The Alaskan island, with plentiful hydro and wind resources, shows how it can be done:
Previously overseeing an electrical grid almost entirely supplied by diesel generators, the board of the Kodiak Electric Association made the decision in 2009 to go renewable by 2020 as diesel prices continued to rise.
“We wanted to get off diesel,” association CEO Darren Scott said of the utility’s diesel generators, which used to provide expensive electricity to more than 6,000 residents of Kodiak, the village of Port Lions and the largest Coast Guard base in the country. “Diesel wasn’t going to be a part of our future.”

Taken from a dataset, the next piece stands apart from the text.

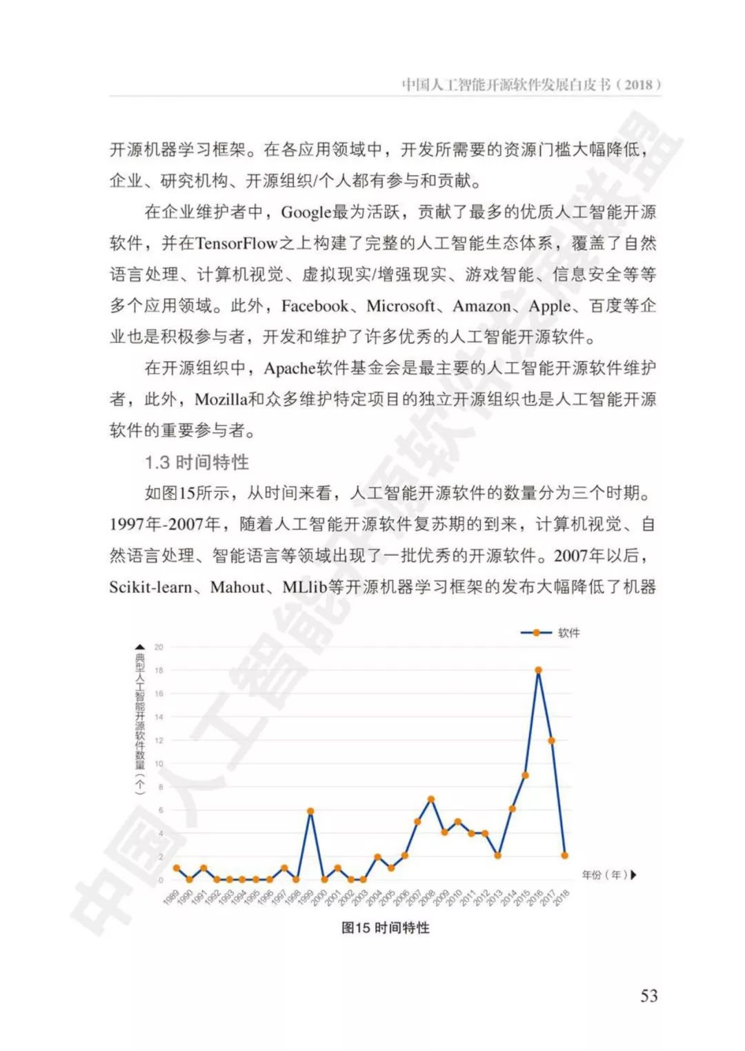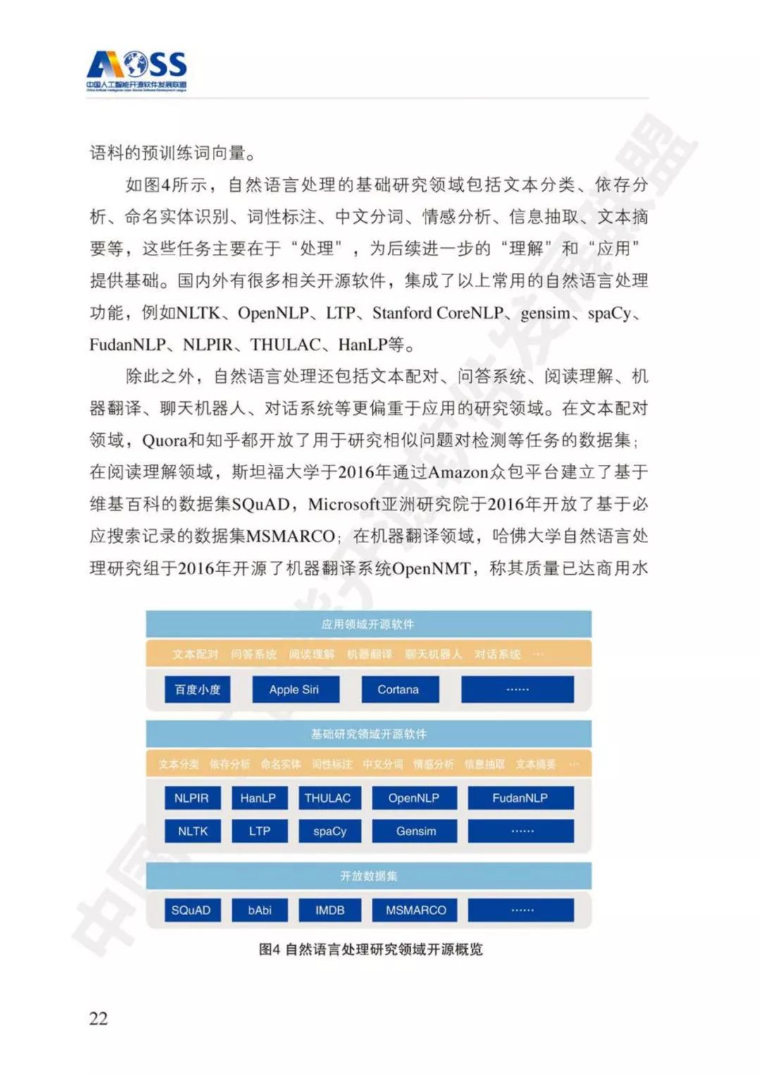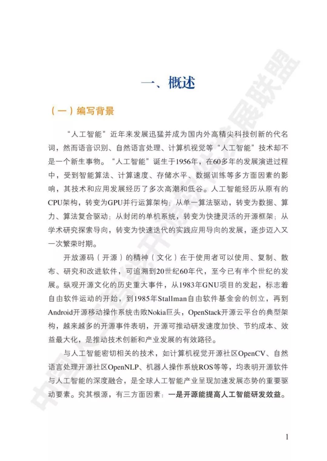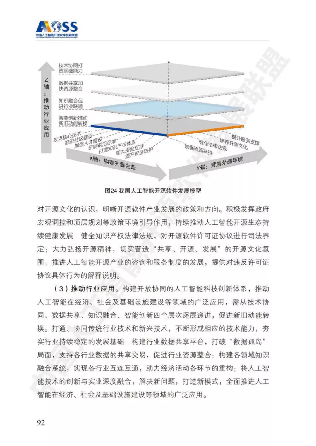 为推动人工智能开源软件快速而健康的发展,中国人工智能开源软件发展联盟召集中国电子技术标准化研究院、上海软件中心、北京大学、微众银行、蚂蚁金服、京东等企事业单位,研究梳理人工智能开源软件发展现状,分析人工智能开源软件生态,提出我国人工智能开源软件发展建议,并提炼我国人工智能开源软件应用案例,编撰形成了《中国人工智能开源软件发展白皮书(2018)》,已作为联盟的一项重要成果发布。

The switch to a grid run 99.7 percent on renewable resources not only stabilized Kodiak’s electric rates but also brought them closer to the national average. After Hawaii, where the average cost of electricity is nearly 34 cents per kilowatt hour, Alaskans pay the second-highest electric rates in the Untied States, at 17.58 cents. In Kodiak, customers are now paying 13.8 cents per kilowatt hour, just above the national average of 12.5.
The Alaska Renewable Energy Fund, established in 2008, helped fund the transition, which is expected to pay for itself in savings in under a decade. Meanwhile, cutting the diesel generators off reduced carbon dioxide emissions more than 60 percent each year.
Kodiak is setting a great example for other island states like Hawaii to follow. As the concept is proven in these island areas, they will be much easier and less costly to transport to mainland grids.